Wrist Dislocation

Wrist Dislocation

Brooks Ficke

Nileshkumar M. Chaudhari


  • Definition

    • Dislocation of the radiocarpal joint, with or without

      • Radial styloid fracture

      • Dorsal or volar rim avulsion fractures

    • In the category of carpal instability nondissociative

    • This topic does not include articular shear fractures (“Barton” variants), perilunate dislocations, or instability related to distal radius malunion or rheumatoid arthritis.

  • Pathoanatomy

    • Proximal carpal row linked to distal radius by the volar (radioscaphocapitate [RSC], short radiolunate [SRL], long radiolunate[LRL]) and dorsal (dorsal radiocarpal [DRC]) extrinsic wrist ligaments

    • Radiocarpal dislocation requires either near-global ligament disruption or a fracture that disrupts the stability of the osseous insertion of the ligaments.
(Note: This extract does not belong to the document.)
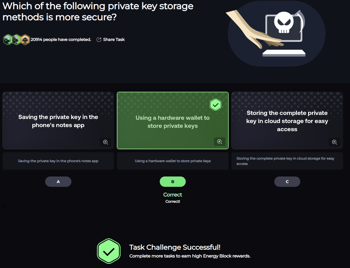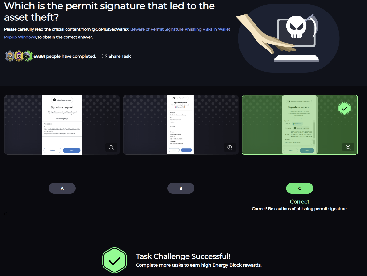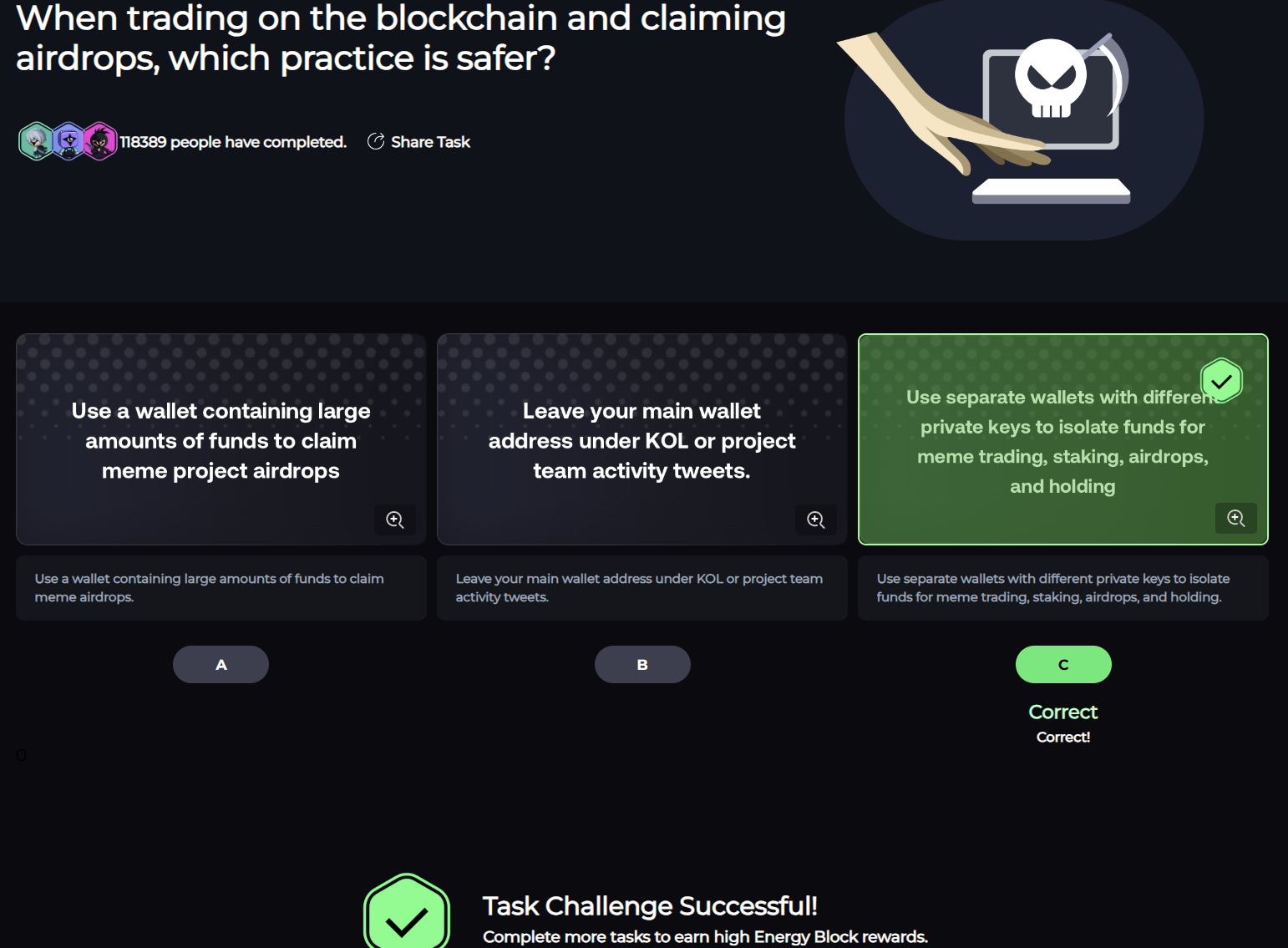 Emergency Security TasksMission Page URL: https://secwarex.io/task-detail/145?channelCode=BMX1NEQ6 SecWareX secwarex.io Q1. When trading on the blockchain and claiming airdrops, which practice is safer?A1. Use separate wallets with different private keys to isolate funds for meme trading, staking, airdrops, and holding. Q2. How can you effectively prevent phishing website scams?A2. Access and ..
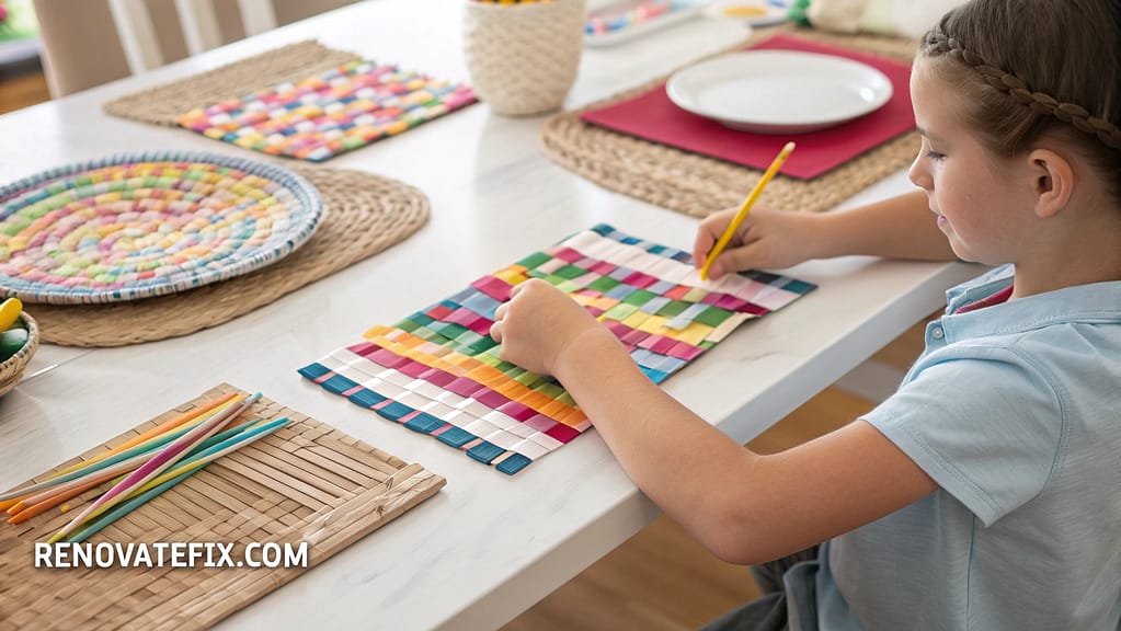 Woven paper placemats introduce basic textile concepts through accessible materials. Cut construction paper into long strips of various colors, then demonstrate simple over-under weaving patterns on contrasting base sheets.

      • Volar ligaments are typically avulsed from their origin on the distal radius.

        • One report of avulsion distally from the carpal insertions1

      • If a radial styloid fracture is greater than one-third the width of the scaphoid fossa, the RSC and LRL origins usually remain attached to the fractured fragment.2

      • DRC and capsule may avulse small fragments from the dorsal distal radius.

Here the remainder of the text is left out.